Wednesday, January 20, 2010

predictions gone wrong...

Tim Blair has a regular thing on his blog at the moment called "Things scientists say", pulling out quotes from the New York Times archives. Kind of amusing.

But I was thinking about the whole prediction business because of something else and I'd like to share those thoughts with you.

How often do we get a widespread consensus in the media or elsewhere about something, only for it all to be brushed under the carpet and forgotten about when it all turns out to be wrong?

An excellent recent example is the Australia-Pakistan test in Sydney, where Australia chose to bat first. Ricky Ponting copped 4 days of ridicule and then went onto win the test.

The big one that came to my mind when I was thinking of this was George W. Bush.

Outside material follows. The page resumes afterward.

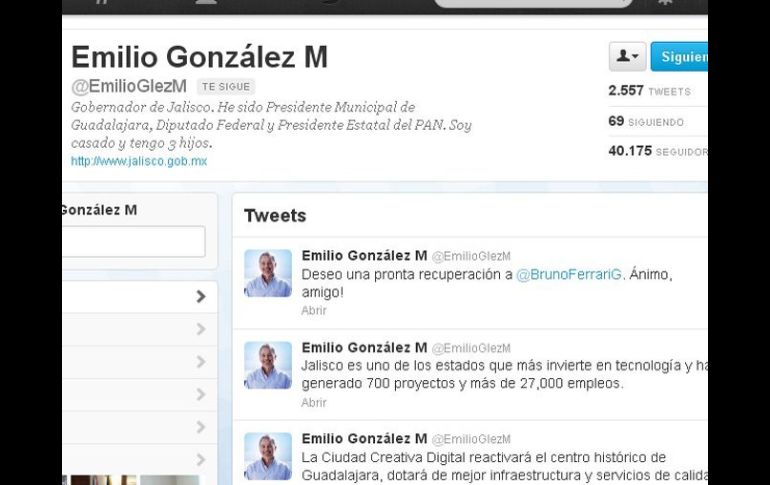 Jalisco | Ambos personajes tenían previsto reunirse esta tarde en la ciudad de México Emilio desea pronta recuperación a Bruno Ferrari Ambos personajes tenían previsto reunirse esta tarde en la ciudad de México para encabezar la presentación del plan maestro de Guadalajara, Ciudad Creativa Digital Por: EL INFORMADOR 20 de noviembre de 2012 - 18:21 hs El tuit del Gobernador del Estado fue una de las primeras reacciones oficiales en conocerse. ESPECIAL TWITTER / GUADALAJARA, JALISCO (20/NOV/2012).- "Deseo una pronta recuperación a @BrunoFerrariG. ¡Ánimo, amigo!", escribió el gobernador de Jalisco, Emilio González Márquez, en una de las primeras reacciones oficiales tras conocerse que el titular de la Secretaría de Economía fue hospitalizado para ser atendido de una trombosis. Ambos personajes tenían previsto reunirse esta tarde en la ciudad de México para encabezar la presentación del plan maestro de Guadalajara, Ciudad Creativa Digital. De último momento, el Ejecutivo Estatal canceló su participación debido a cuestiones de salud, según confirmó el secretario de Promoción Económica de Jalisco, Jaime Eduardo Martínez. Por lo anterior, el evento protocolario se realiza sin la asistencia de ninguno de los dos servidores públicos, pero sin mayores cambios. EL INFORMADOR / SERGIO RODRÍGUEZ Temas Gobierno del Estado Emilio González Bruno Ferrari Lee También Sheinbaum afirmó que Ebrard buscará evitar imposición de aranceles en su visita a EU Así se ve la carretera Guadalajara-Morelia en cámaras del C5 tras bloqueo Jetour Soueast Guadalajara inaugura frente a Plaza Galerías Interviene el Gobierno del Estado en protesta de maiceros para liberar carreteras Recibe las últimas noticias en tu e-mail Todo lo que necesitas saber para comenzar tu día Registrarse implica aceptar los Términos y Condiciones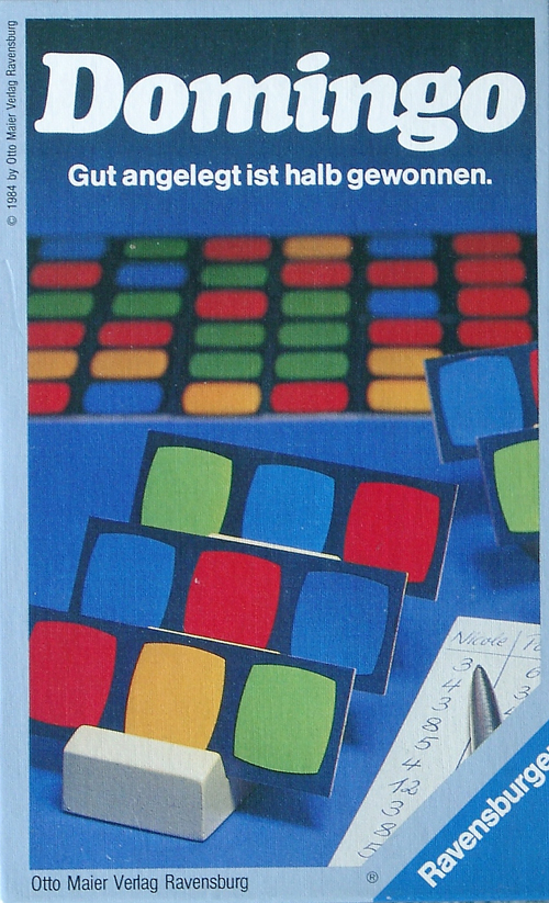 Ohne etwas Glück beim Ziehen der Farbkärtchen kommt man bei dem Legespiel DOMINGO von Kenneth Rand nicht aus. Es geht darum, durch geschicktes Anlegen möglichst lange Reihen gleichfarbiger Felder zu bilden. Da die Reihen kreuz und quer verlaufen dürfen, braucht es schon einige Aufmerksamkeit und Vorausschau, um mit den drei jeweils zur Verfügung stehenden Kärtchen so effektiv wie möglich punkten zu können. Obwohl als Konkurrenzspiel angelegt, stellt sich doch immer wieder der angenehme Effekt ein, dass alle Teilnehmer gemeinsam auf die günstigste Plazierung einer ausgespielten Karte achten und beim Auszählen einander auf noch nicht berücksichtigte Felder aufmerksam machen. Auf diese Weise haben letztlich alle am Sieg des einen Anteil, ohne dass dies dem Wettrennen beim Punktestand Abbruch täte.

Lots of people I know and lots of people in the media seemed convinced that he was doing his best to create an imperial presidency, that the Patriot Act was destroying democracy and that he would simply refuse to leave office at the end of his term. When that didn't happen, what did they do? they kept on bagging out George W. but just pretended like they'd never said any such thing.

Sometimes you can be swimming against the tide and it seems that no-one else agrees with or supports your point of view. That doesn't mean your wrong though. In science the real breakthroughs are done by people who do what other people say is impossible.

For me, this says, if you have an opinion or position on something and you can justify it (justify it properly) then hold onto that opinion, despite what people say. Changing your opinions to make other people feel better is all well and good, but it won't get you anywhere.